A ball of fire erupts from one of the towers of New Yorks World Trade Center as a hijacked airliner is deliberately crashed into it, September 11, 2001. — Reuters
A ball of fire erupts from one of the towers of New York’s World Trade Center as a hijacked airliner is deliberately crashed into it, September 11, 2001. — Reuters
  • VP Vance and victims’ families attend memorial events at Ground Zero. 
  • Nearly 3,000 people killed in coordinated attacks on World Trade Centre. 
  • Moment of silence, bell tolls at 8:46am to mark time Flight 11 hit North Tower. 

New York prepared to mark the devastating attacks of September 11, 2001 on Thursday, 24 years after the deadly plane hijackings that claimed almost 3,000 lives and forever changed the United States.

Vice President JD Vance was expected to attend memorial events at Ground Zero in Manhattan where the World Trade Center’s twin towers were destroyed in coordinated attacks that also saw a jetliner crashed into the nerve center of American military power, the Pentagon in Washington.

Another jet, Flight 93, crashed into the Pennsylvania countryside when passengers overran the hijacker and took control of the aircraft.

This year’s gathering takes place against a backdrop of sharp political division both in the city and nationally.

New York is in the grip of an unprecedented mayoral election campaign in which socialist Democratic candidate Zohran Mamdani is facing off against former governor Andrew Cuomo and sitting mayor Eric Adams.

New Yorkers go to the polls on November 4.

It was unclear which of the mayoral candidates would attend the ceremony that is always attended by the sitting mayor as well as community leaders.

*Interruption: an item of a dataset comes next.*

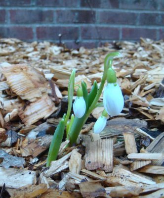 I'm home. It's raining, as it's been raining for two days, which is a good thing as it's taking care of the remaining piles of snow or the shadowy places where paths are still covered with ice. Looked out of the window yesterday and realised the first snowdrop was out, which made me ridiculously, momentarily happy. Snowdrops were the first flowers I remember being able to identify - I learned about them age 3 or 4 from a book with a title like "A story a week" - and the
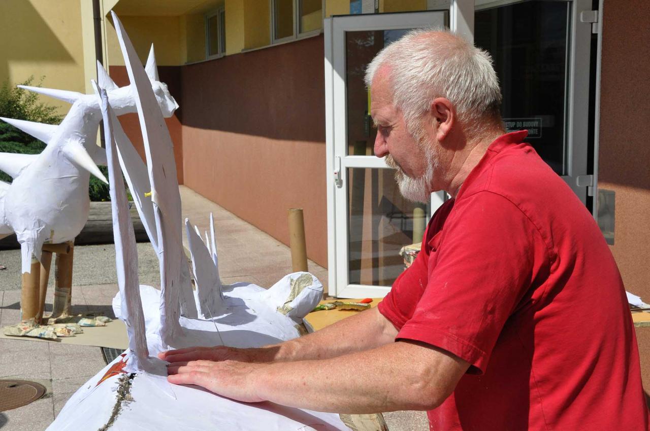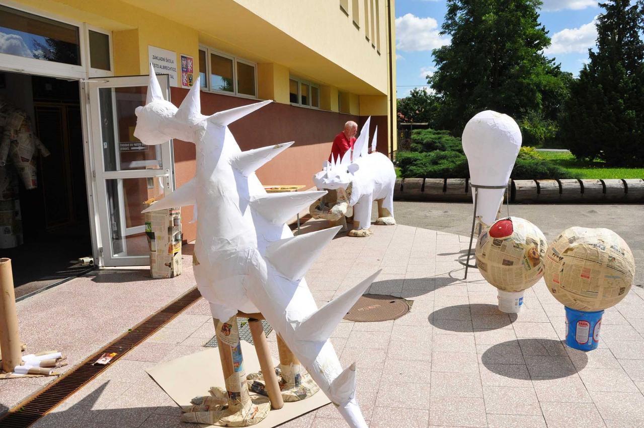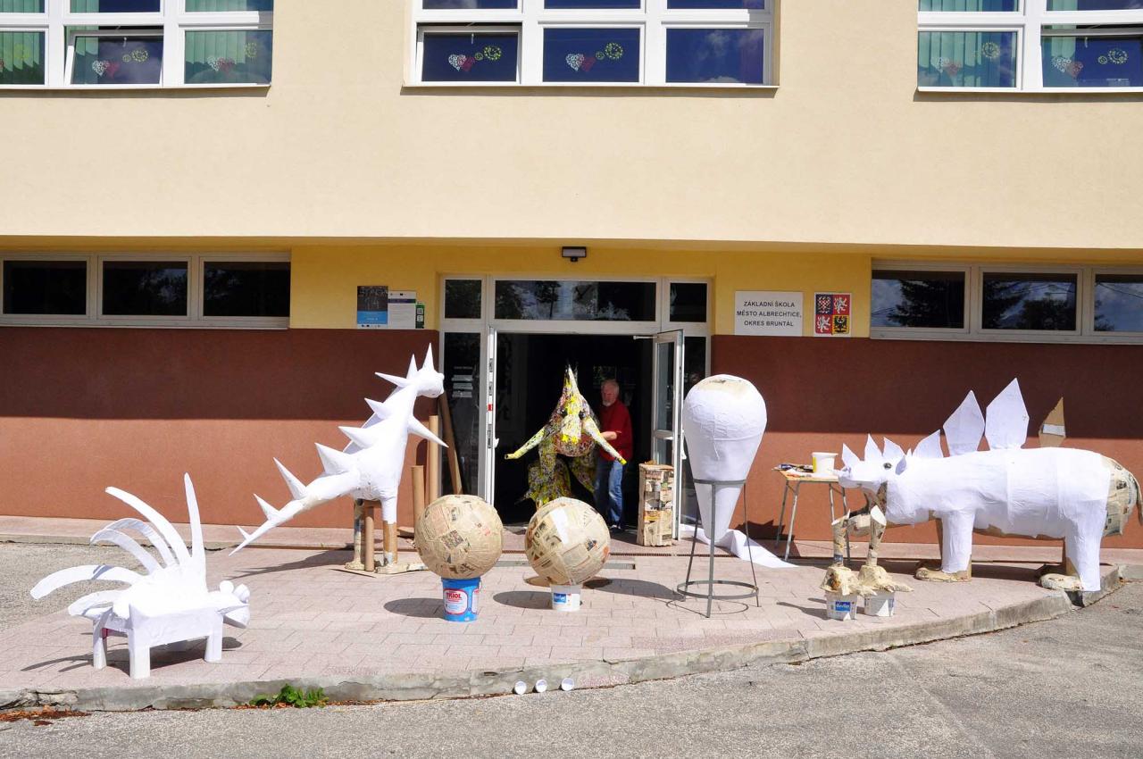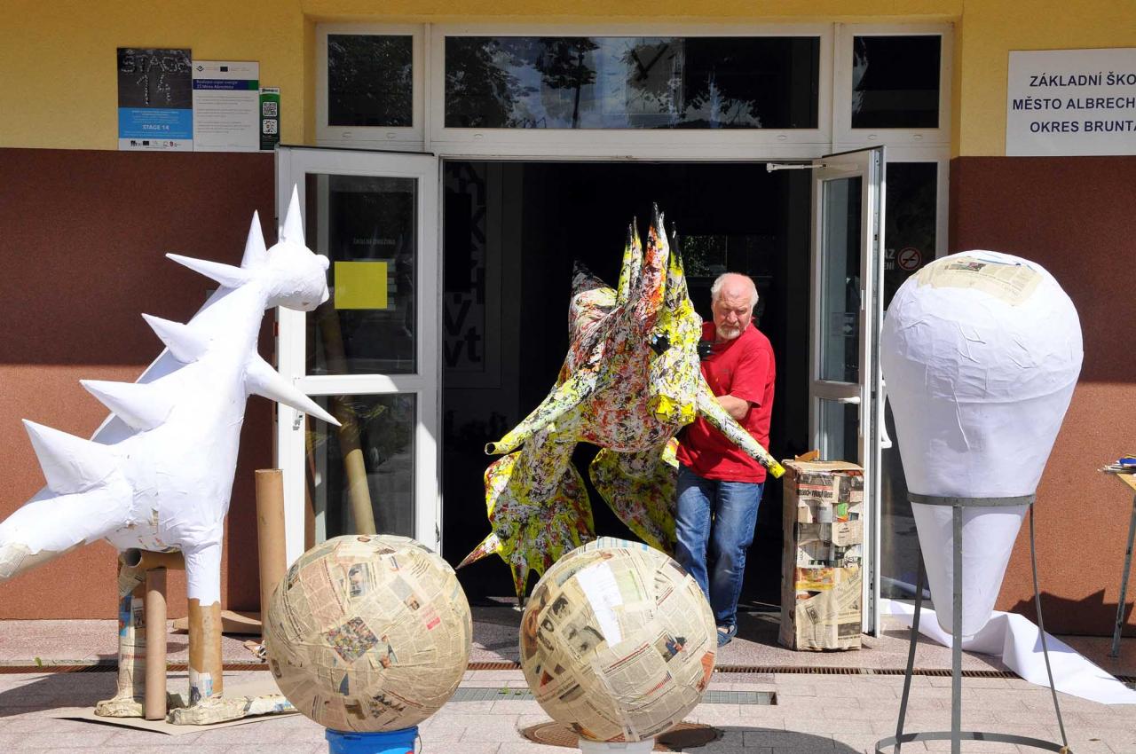 Zatím se zvířata suší za dozoru J. Hrubého před výtvarnou dílnou…

President Donald Trump has repeatedly attacked Mamdani, a Muslim and naturalised US citizen, calling him a “communist lunatic,” while one Republican lawmaker has called for the race’s frontrunner to be deported.

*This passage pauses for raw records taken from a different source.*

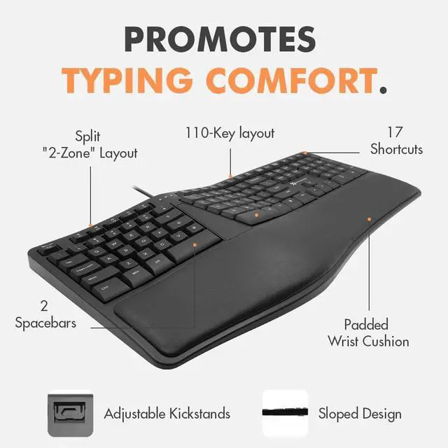 For PC and Chrome: Simply plug and play and use it right away with your desktop or laptop. No need to install any drive. This wired ergo keyboard is ready for any long-hour task.
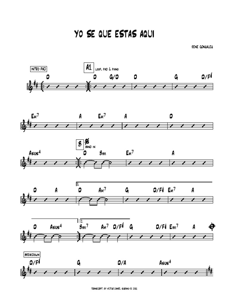 Cómo tocar la canción yo se que estas aqui de rene gonzalez; G yo se que estas aquí g/b c c/b am siento tu caminar d d/e d te mueves entre el pueblo g d trayendo sanidad / coro / g em am. G am yo se que estas aqui siento tu caminar d g te mueves. G yo se.
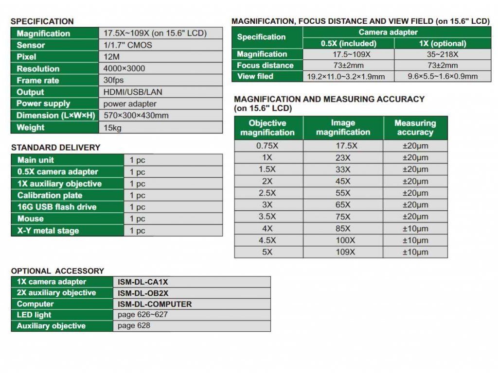 - Obiective auxiliare (ISM-DL-OB03X, OB05X, OB075X, OB1X, OB1D5X, OB2X)
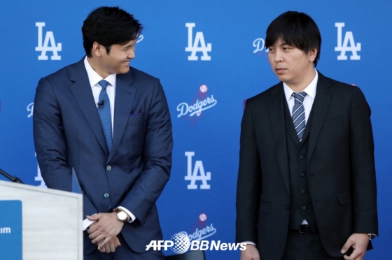 오타니 쇼헤이(왼쪽)와 그의 통역 미즈하라 잇페이. /AFPBBNews=뉴스1
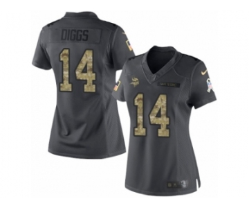 Women's Nike Minnesota Vikings #14 Stefon Diggs Limited Black 2016 Salute to Service NFL Jersey

Mamdani holds a 22 point lead in the race, according to the latest polling from The New York Times and Siena.

“It was this horrific day that was also for many New Yorkers the moment at which they were marked an ‘other’,” Mamdani told The Times, describing the surge in Islamophobic attacks that followed 9/11.

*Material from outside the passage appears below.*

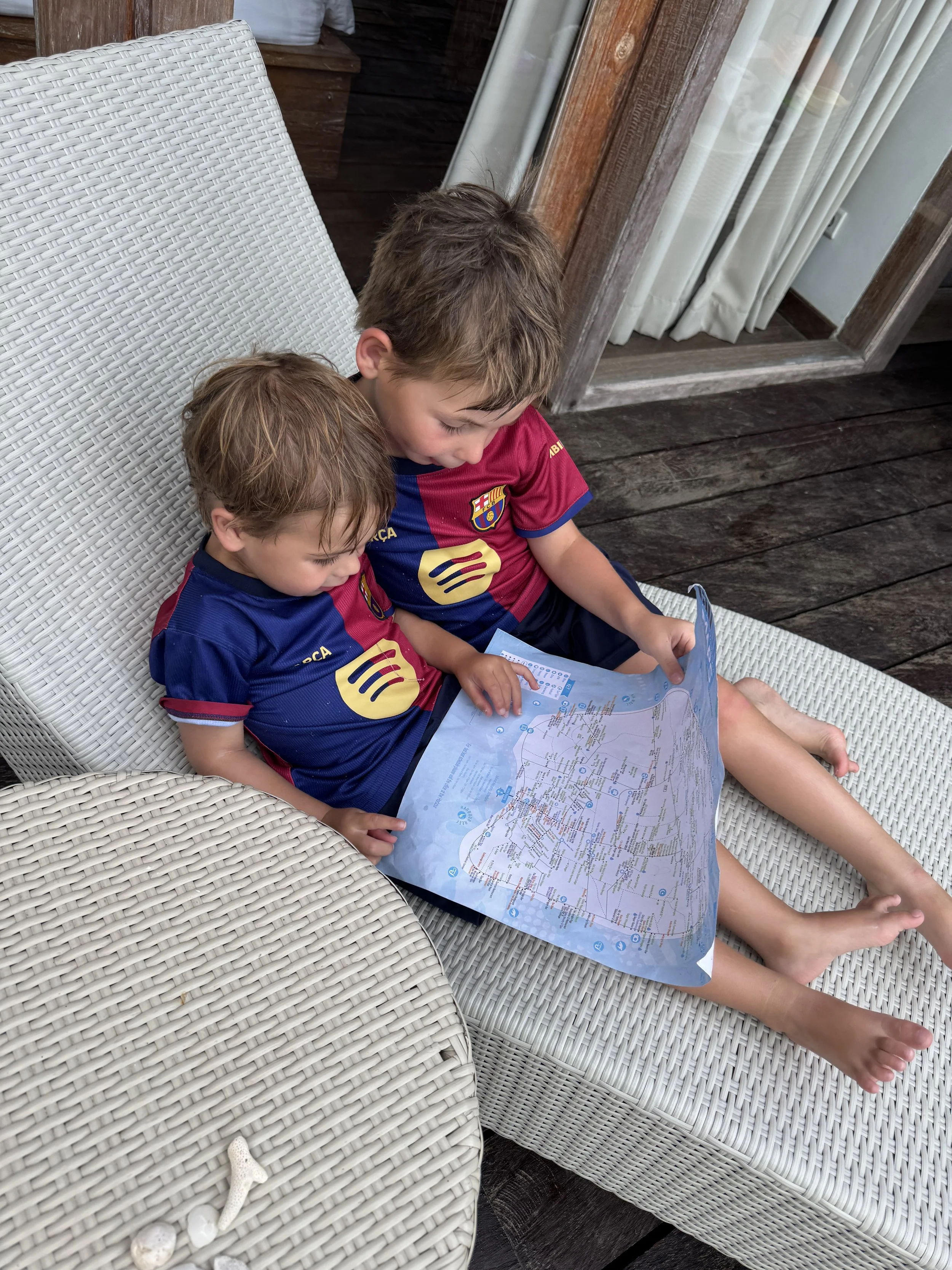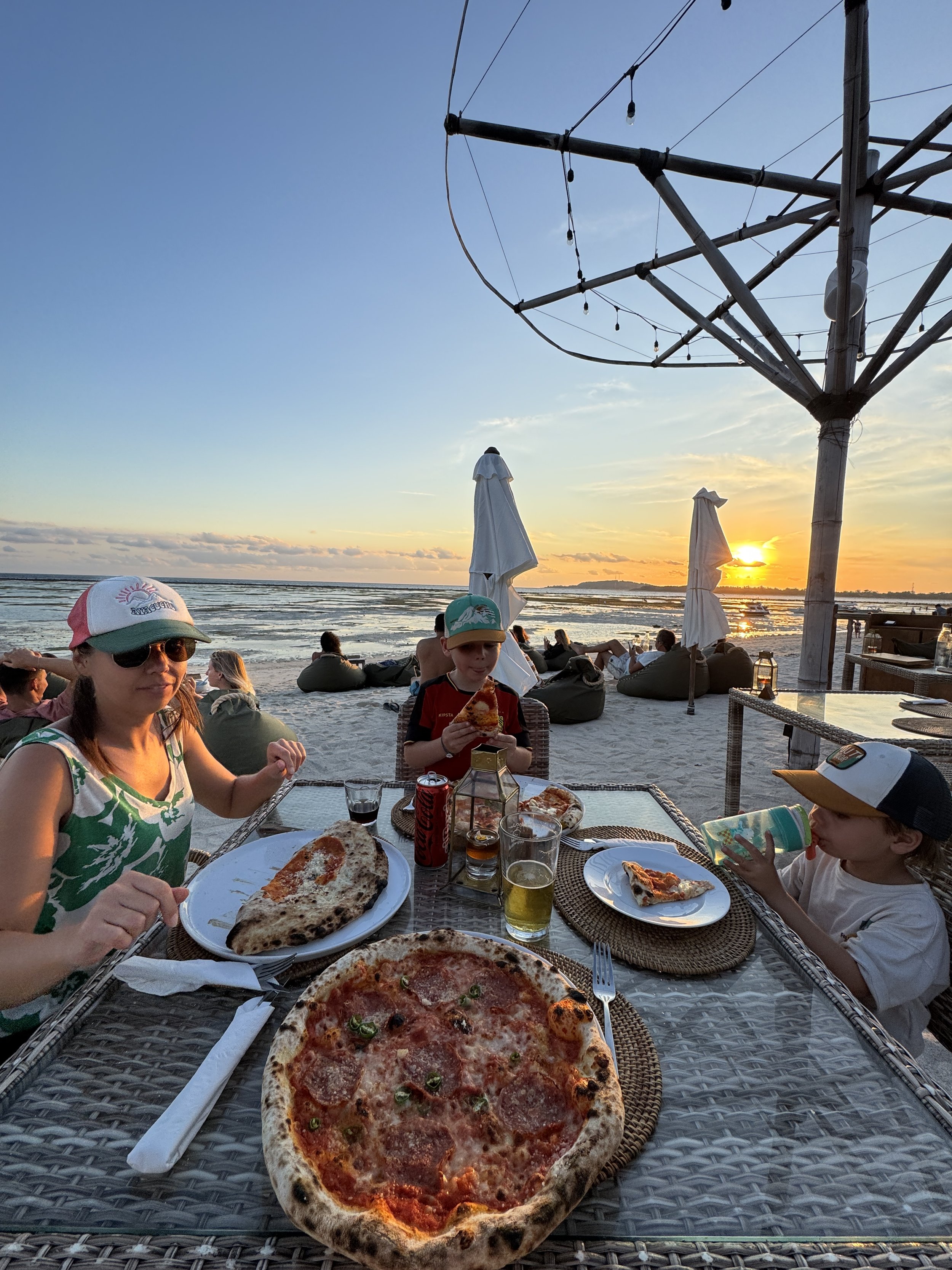 We besluiten om fietsen te huren voor de komende dagen, 5 euro per dag - voor 3 fietsen! Ideaal transportmiddel om het eiland te verkennen! Onze dagen zijn gevuld met rondfietsen, terrasjes doen, iets eten en naar de zonsondergang gaan kijken. Tom gaat ook een keertje duiken en ondertussen gaan Kim en de kids naar een barretje met grote speeltuin. De mensen hier zijn supervriendelijk en besteden veel aandacht aan de kinderen - zalig!

It was unclear if Trump would attend New York’s commemorative events as he has in years past.

The United States has faced a rash of political violence in recent months, with the killing of conservative influencer Charlie Kirk following the targeted killing of a Democratic Minnesota lawmaker and her husband and the firebombing of a Democratic governor’s residence.

New York will mark a citywide moment of silence at 8:46am (1246 GMT), the time that hijacked Flight 11 struck the North Tower of the World Trade Centre.

Places of worship across the city will sound their bells to mark the impact as families of the victims read the names of those killed at ground zero.

The official death toll was 2,977 including the passengers and crew of the four hijacked planes, victims in the twin towers, firefighters, and personnel at the Pentagon. The death toll excludes the 19 Al-Qaeda hijackers.